Lackington’s kindness to his own relatives, and to the poor, was one of his best qualities. In fact, he declares in 1791 that he would have retired from business five years previously if it had not been for the thought of his poor relations, many of whom were helpless, and whom he felt bound to relieve and protect. Besides supporting his “good old mother“ for many years, he says, ”I have two aged men and one aged woman whom I support: and I have also four children to maintain and educate; ... many others of my relations are in similar circumstances and stand in need of my assistance.” He also made provision for the support of the very aged parents of his first wife, Nancy.
On abandoning business he left his third cousin George Lackington at the head of the firm, while he and his wife went to live at Thornbury in Gloucestershire, in order to be in the neighborhood of the Turtons, his wife’s relations. He bought two estates in Alvestone, on one of which was a genteel house, where he lived in good style for several years. Here he employed his time in visiting the sick and poor, and sometimes in preaching. For he had now returned to the faith of a Christian, and threw himself with his accustomed ardor into all kinds of religious work. His contrition for the severe and ungracious things he had said of the Wesleyans in the first editions of his “Memoirs” was evidently very deep. He acknowledges in plain terms that he owed to them all his early advantages, and the moral and mental awakening which opened before him a new path in life. He says, in the introduction to his last edition of his book, “If I had never heard the Methodists preach, in all probability I should have been at this time a poor, ragged, dirty cobbler.... It was also through them that I got the shop in which I first set up for a bookseller.”
He built a small chapel at Thornbury on his own estate, where the Wesleyan ministers regularly officiated. In 1806 he removed to Taunton, where he resided for about six years, built a chapel at a cost of £3000, adding £150 a year for the minister.
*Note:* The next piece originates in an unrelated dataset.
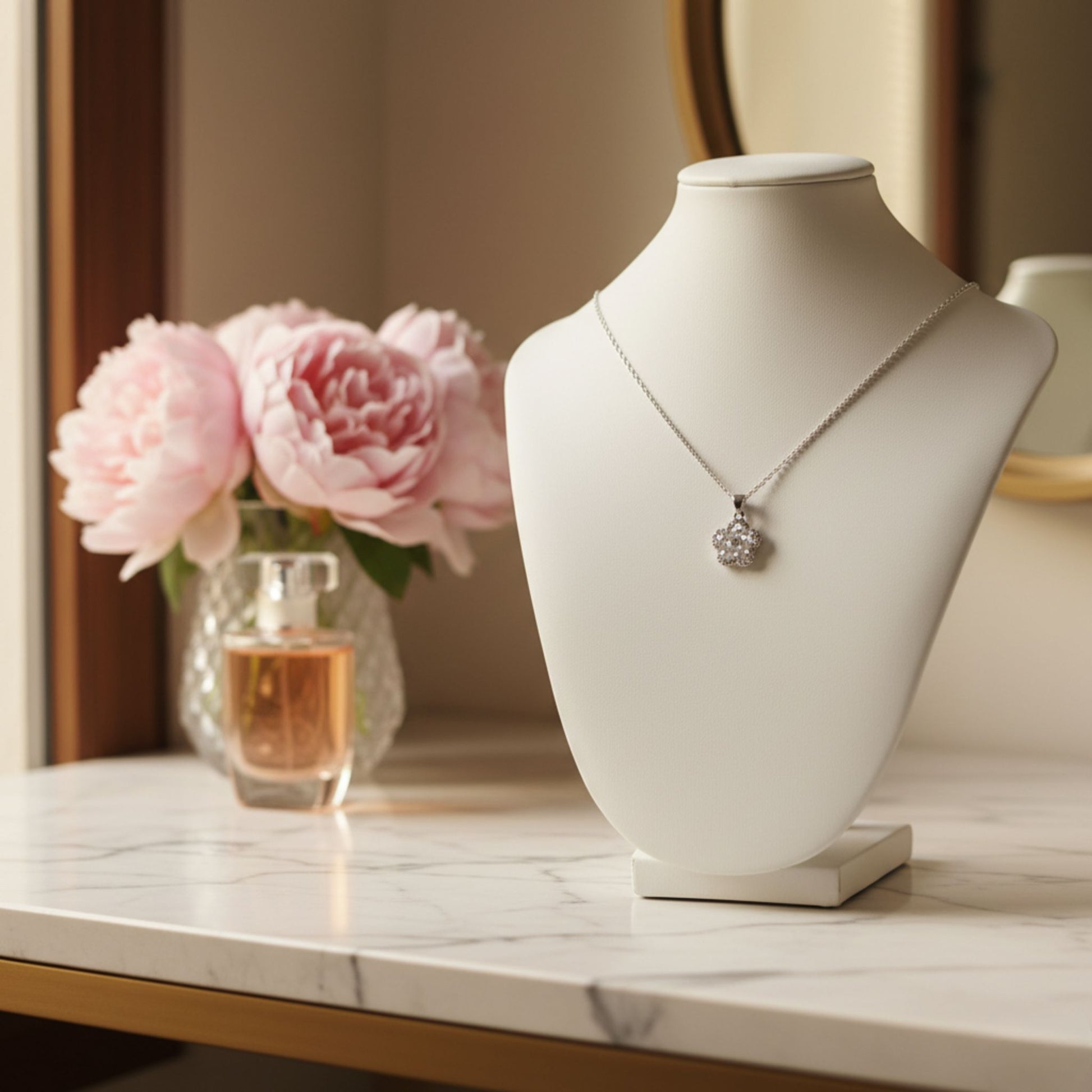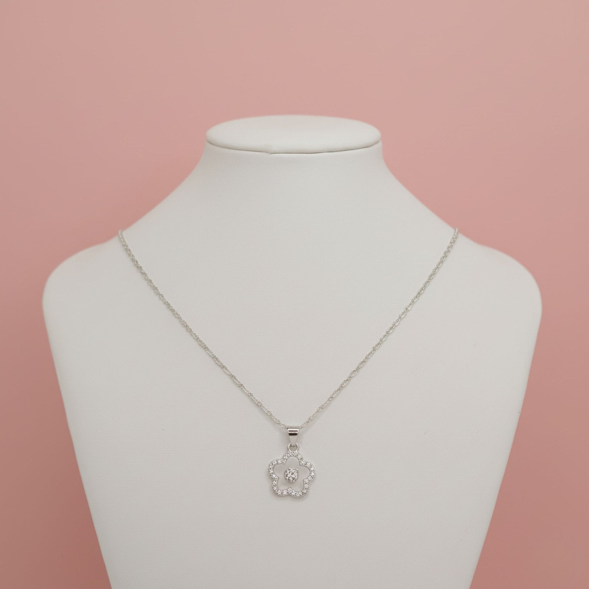 Collar elegante con dije de flor de cinco pétalos adornada con circonitas brillantes. Diseño floral delicado en plata de alta calidad, perfecto para uso diario o especial. Hipoalergénico, cadena ajustable incluida. Símbolo de belleza, crecimiento y renovación que combina con todo. Ideal para regalo o autoregalo.

On the decline of his health in 1812, he went to live by the seaside at Budleigh Sulterton, in Devonshire. Here also he erected a chapel which cost £2000, and endowed it with a minister’s stipend of £150 per annum.
James Lackington died of paralysis in the seventieth year of his age, on the 22d of November, 1815, and was buried in the Budleigh Churchyard. None will deny the successful bookseller the right to the Latin motto with which he has adorned the frontispiece to the first edition of “Memoirs and Confessions,” viz., Sutor ultra crepidam feliciter ausus.[7]
CHAPTER III.
REV. S. BRADBURN
THE SHOEMAKER WHO BECAME THE PRESIDENT OF THE WESLEYAN CONFERENCE.
“I was a poor ignorant cobbler.”—Samuel Bradburn, Life of Samuel Bradburn, p. 227.
“During forty years Samuel Bradburn was esteemed the Demosthenes of Methodism.”—Abel Stevens, LL.D., quoted on title-page of Life of S. B.
“I have never heard his equal; I can furnish you with no adequate idea of his powers as an orator; we have not a man among us that will support anything like a comparison with him.... I never knew one with so great a command of language.”—Dr. Adam Clarke.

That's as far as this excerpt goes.